Koldo Obieta

Personal information
- Full name: Koldo Obieta Alberdi
- Date of birth: 8 October 1993 (age 32)
- Place of birth: Guernica, Spain
- Height: 1.87 m (6 ft 2 in)
- Position: Forward

Team information
- Current team: Kitchee
- Number: 21

Youth career
- Gernika

Senior career*
- Years: Team / Apps / (Gls)
- 2012–2015: Gernika / 75 / (7)
- 2015–2016: Zamudio / 28 / (17)
- 2016–2017: Amorebieta / 31 / (11)
- 2017–2019: Vitoria / 62 / (9)
- 2019–2020: Tudelano / 28 / (4)
- 2020–2022: Amorebieta / 64 / (11)
- 2022–2023: Miedź Legnica / 30 / (3)
- 2022: Miedź Legnica II / 1 / (3)
- 2023–2024: Alcorcón / 29 / (1)
- 2024–2025: Real Unión / 34 / (4)
- 2025–2026: Kerala Blasters / 0 / (0)
- 2026: Borneo Samarinda / 16 / (9)
- 2026–: Kitchee / 3 / (2)

= Koldo Obieta =

Spanish footballer

Koldo Obieta Alberdi (born 8 October 1993) is a Spanish professional footballer who currently plays as a forward for Hong Kong Premier League club Kitchee.

==Club career==
Born in Guernica, Biscay, Basque Country, Obieta finished his formation with hometown side Gernika Club. After making his first team debut in the 2011–12 season, he left the club in 2015, after achieving promotion from Tercera División.

On 3 July 2015, Obieta signed for Zamudio SD also in the fourth division, and scored 17 goals during the campaign as his side also achieved promotion. On 8 July 2016, he agreed to a deal with Segunda División B side SD Amorebieta.

On 17 July 2017, Obieta moved to SD Eibar and was assigned to the farm team also in the third level. On 5 July 2019, after suffering relegation, he joined CD Tudelano in the same category.

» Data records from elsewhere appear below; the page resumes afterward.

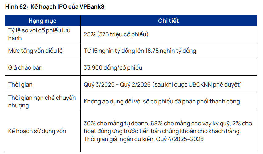 - VPBankS đặt mục tiêu tiến hành IPO vào quý 3/2025-quý 2/2026, chào bán 25% cổ phiếu đang lưu hành (375 triệu cổ phiếu) với giá chào bán là 33.900 đồng/cổ phiếu.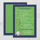Hosting a golf tournament charity event? This handsome design is perfect! It features clean, striking lines, two gulf clubs and ball against a green background with a blue border. If you need help with your information layout, just contact us and we'll be happy to do it for you.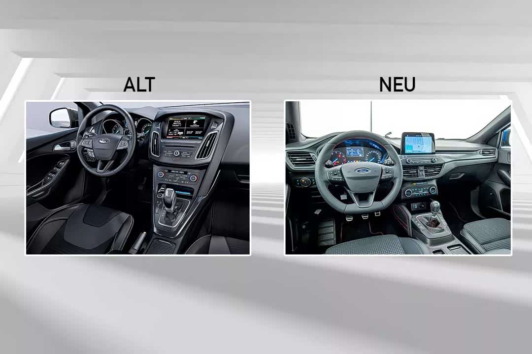 新一代福克斯沿用了全新嘉年华的设计,变化巨大。与老款车型相比,新一代车型的内饰设计更加简洁,不过中央的悬浮式显示屏已经不是什么特别新鲜的东西。虽然单单用肉眼无法感知,但是由于短前轴的设计,新一代福克斯的仪表台几乎向前移动了100mm,这样带来的好处就是车内空间会更大。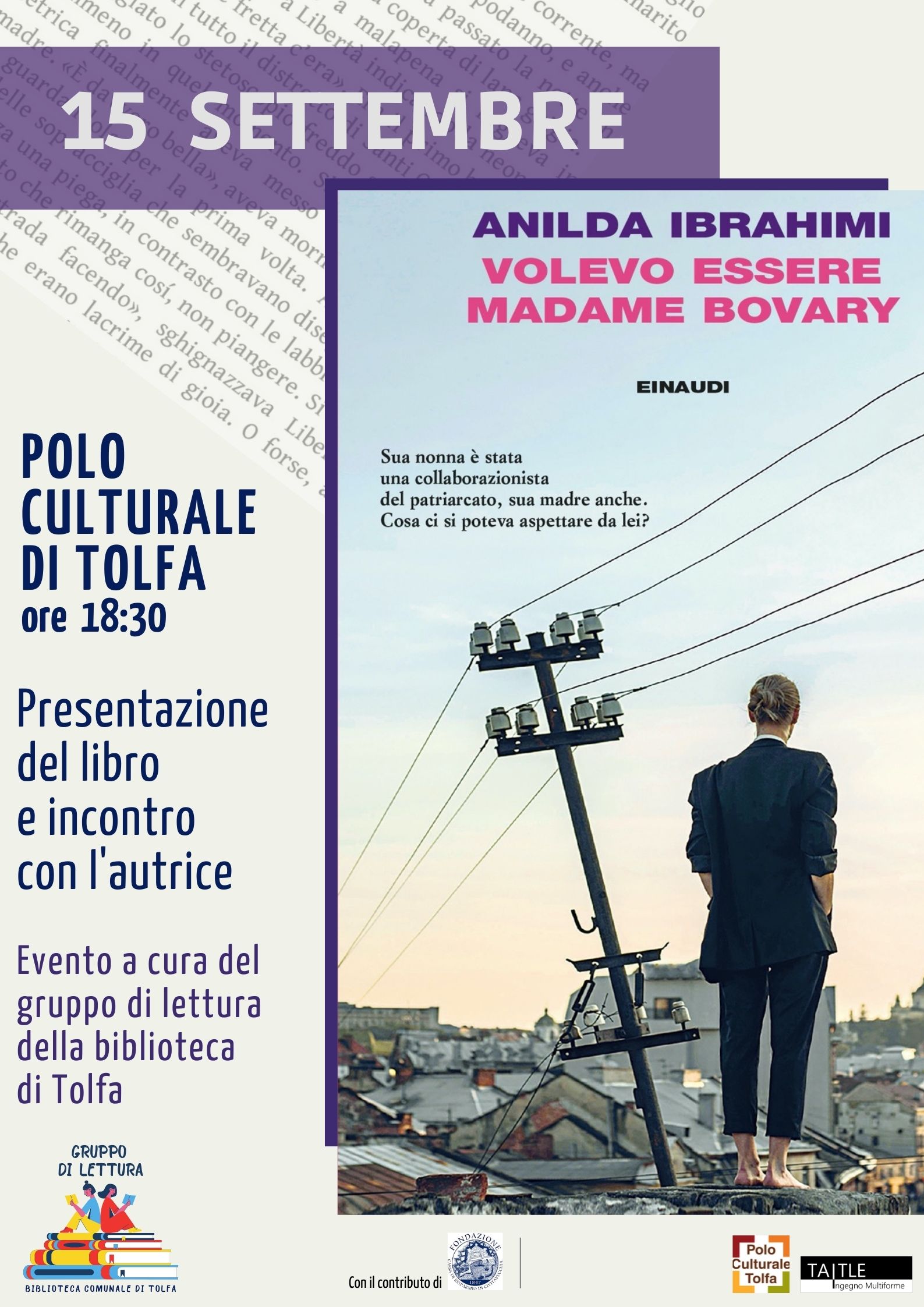 Evento a cura del Gruppo di lettura della Biblioteca di Tolfa, realizzato con il contributo della Fondazione Cariciv.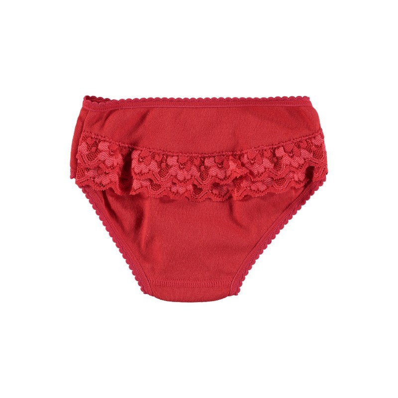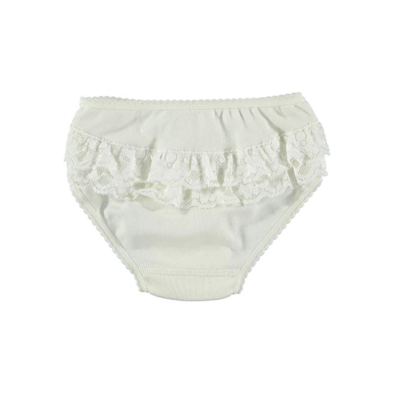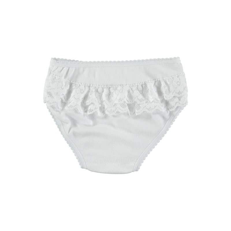 Braguita niña de punto con volante trasero. Disponible de 0 a 6 años.COMPOSICIÓN: 100% ALGODÓN.CUIDADOS: Lavar a máquina – agua fría (30 ° max).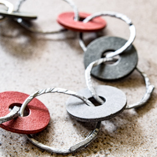 Rings, Hammered Steel Bracelet with Red and Black Fibre Washers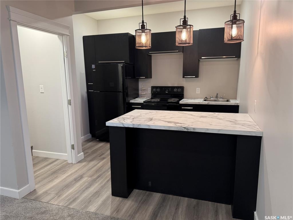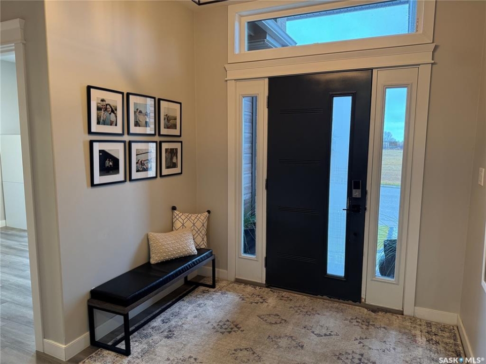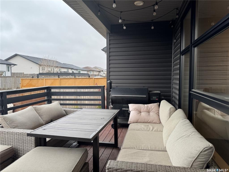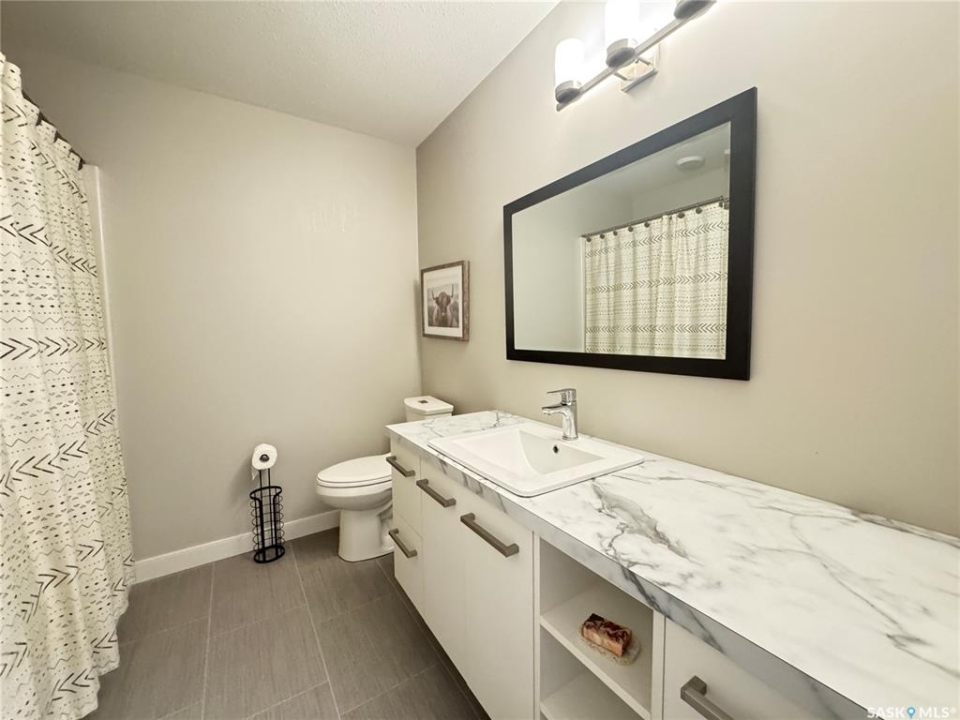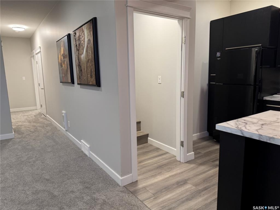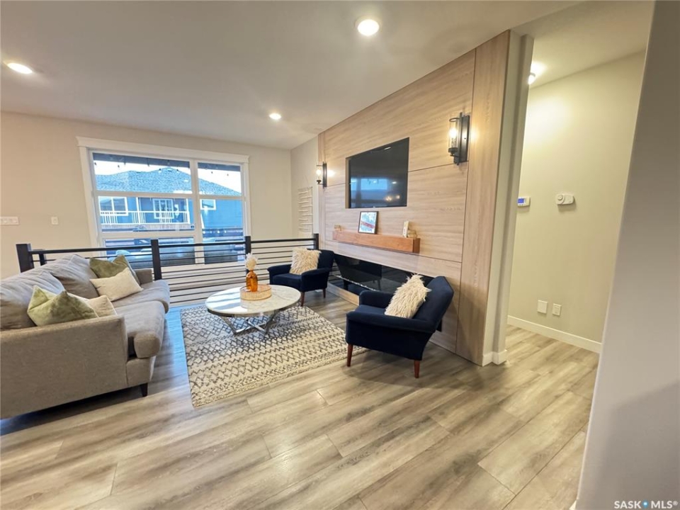 Welcome to this stunning modern-style 2 + 2 bedroom raised bungalow, ideally situated in Humboldt's sought-after North Division—just a short walk from the hospital and Humboldt's beautiful 18-hole golf course. Step inside to a bright, open-concept main floor featuring 9-ft ceilings and stylish laminate flooring throughout. The front bedroom offers flexible space—perfect as a home office or guest room. The spacious entertaining area includes a beautifully designed kitchen with a large island, wall pantry, and dining space that overlooks the backyard with access to a covered deck—ideal for relaxing or entertaining. The main floor also features convenient laundry and a welcoming layout designed for comfort and functionality. The primary bedroom is a true retreat, complete with a beautiful 4-piece ensuite and direct access to a walk-in closet. The fully finished basement mirrors the home's modern appeal with 9-ft ceilings, a cozy and spacious family room, and a well-equipped wet bar (or optional second kitchen for revenue potential). Two additional bedrooms, a 4-piece bath, utility room, and storage area complete the lower level, with direct access to the heated garage. Curb appeal shines with an oversized heated garage (30' x 24') featuring two 8' x 10' overhead doors, plus an additional 12' x 10' section with an 8' x 6' rear door opening to the backyard and a direct pathway to RV parking. The fully fenced yard is beautifully manicured with lush greenspace, flower gardens, and garden boxes. Additional features include central air, central vac, and garburator.?Buyer to verify all measurements.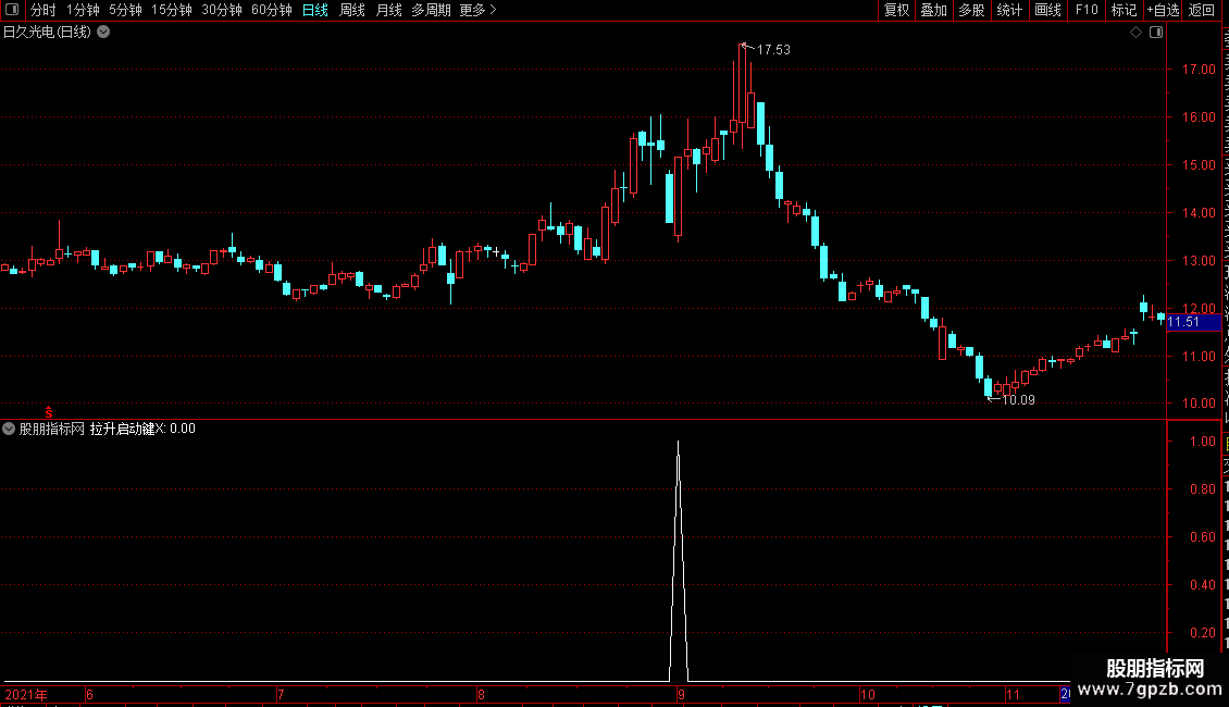 VARG14:=COUNT(CLOSE/REF(CLOSE,1)>1.095,7)>=1;

On 10 July 2020, Obieta returned to Amorebieta, and scored four goals during the campaign as his club achieved a first-ever promotion to Segunda División. He made his professional debut at the age of 27 on 23 August 2021, coming on as a late substitute for Iñigo Orozco in a 0–2 away loss against CD Mirandés.

On 20 June 2022, after trying to secure a move to Poland in order to stay closer to his girlfriend, Obieta joined newly-promoted Ekstraklasa side Miedź Legnica on a two-year deal. He left the team by mutual consent on 31 July of the following year, and signed for AD Alcorcón in the second division just hours later.

On 10 July 2024, Obieta signed for Real Unión.

On 3 October 2025, Obieta joined Indian Super League club Kerala Blasters FC for the 2025–26 season. He scored on his debut, in the Super Cup against Rajasthan United. He scored a brace in his second game, against SC Delhi.

On 21 July 2026, Obieta joined Hong Kong Premier League club Kitchee.